Wednesday, September 24, 2008

The brain takes charge




Gray, boring, dull, yawing, blasé, undeveloped, unintentional, melancholy, haphazard, flippant,

casual, overcast, inactive

Inspiring isn’t?

I have spent the last few months floating along in a sort of limbo (not exactly the edge of hell type though) with the only intentional actions being:

- I make sure I have clean clothes for work

- I clean once a week

- I check out more books that I could possibly read from the library


Somewhere I lost some of my fervor for life and the magic of the little things has slowly been hazed over. I think about writing, I think about art, I think about sitting with a cup of tea and staring out the window or sending a card to my friend

…but so much of that is just like a bird that jumps out of the field and flutters in front of you and then vanishes.
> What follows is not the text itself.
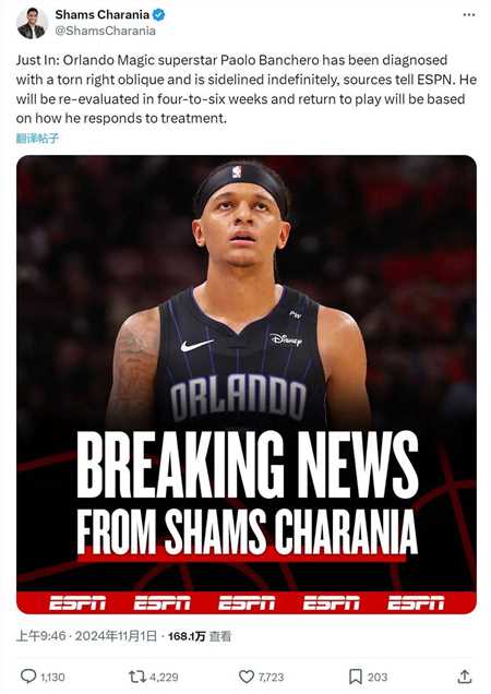 北京时间11月1日上午,nba名记shams报道,魔术球星班凯罗遭遇右斜肌撕裂,他将在4至6周后重新评估。这个消息很突然,班凯罗最近势头正盛,过去两场比赛,他一共拿到81分20篮板13助攻,打出了mvp级别的数据!

Certainly I am not depressed. I am active, social, do plenty of stuff, I'm happy (though not content). It’s kinda like I’m on selective Jenny auto pilot. My brain knows I like incense so it has me light it at night. But it keeps me from writing under the influence of the smell. It knows I like chocolate pudding when I am pmsing so it has me go buy it- but I don’t pay attention to its chocolate-ness like I normally would.


Perhaps I put myself through too steep a gauntlet earlier this year in trying to figure out the answer to questions that I don’t know yet. I do that. Sometimes I say to myself when I am crying about something

“tsk- you are too intense. Stop the drama”

“But I like the intensity- it’s colorful”

“well sometimes it’s too much color”

“Impossible !” I say to myself. And I go on crying and reading and asking questions.

“This is ridiculous. GET OVER IT” because some part of me realizes that a good slap in the face is more effective than writing writing writing about something over and over again sometimes. Sometimes you just need to take a break from intensity to ENJOY the color it produces. Sometimes you just need a red balloon and a peaceful mind.


So maybe my few months of induced melancholy and a numbed mind was like my brain saying

“hello? Shut up- what you’re doing is impossible. Quite trying to be like a 70 year old sage with a 27 year old brain! It’s like trying to figure out how to do quantum physics when you can barely remember how to do long division.”

And then my brain slapped me.

And I was like

“ok”

Only I didn’t know my brain was having a conversation with me and I didn’t really know I agreed with it like a little kid nodding his head in agreement because all he wanted was to get to the end of the lecture and get a red balloon.


Only I think technically- I didn’t get a red balloon cause the last few months have been a little colorless. I think my brain thought that was necessary for my mind and I should do without.

What does it know? It’s only 27?


So there you have it. Last night I went to a coffee shop and sat and read for a bit and people watched and all of a sudden my fervor returned and I thought “HEY! Where's my RED BALLOON?!

and my mind was like "you agreed to give it up moron- your brain told you how tired it was"

and i was like "I WANT MY RED BALLOON BACK!!!" and right there in the coffee shop I slammed my book down and yelled and started pounding the table till someone brought me a red balloon and licorice tea and played some really good jazz music.


and I remembered how much I love people, and God, and reading, and learning. REALLY LOVE it.

And my brain just sighed….and was like “whatever. At least I got you to sit down for a bit.”


That’s when I concocted the whole story above -with my renewed creativity.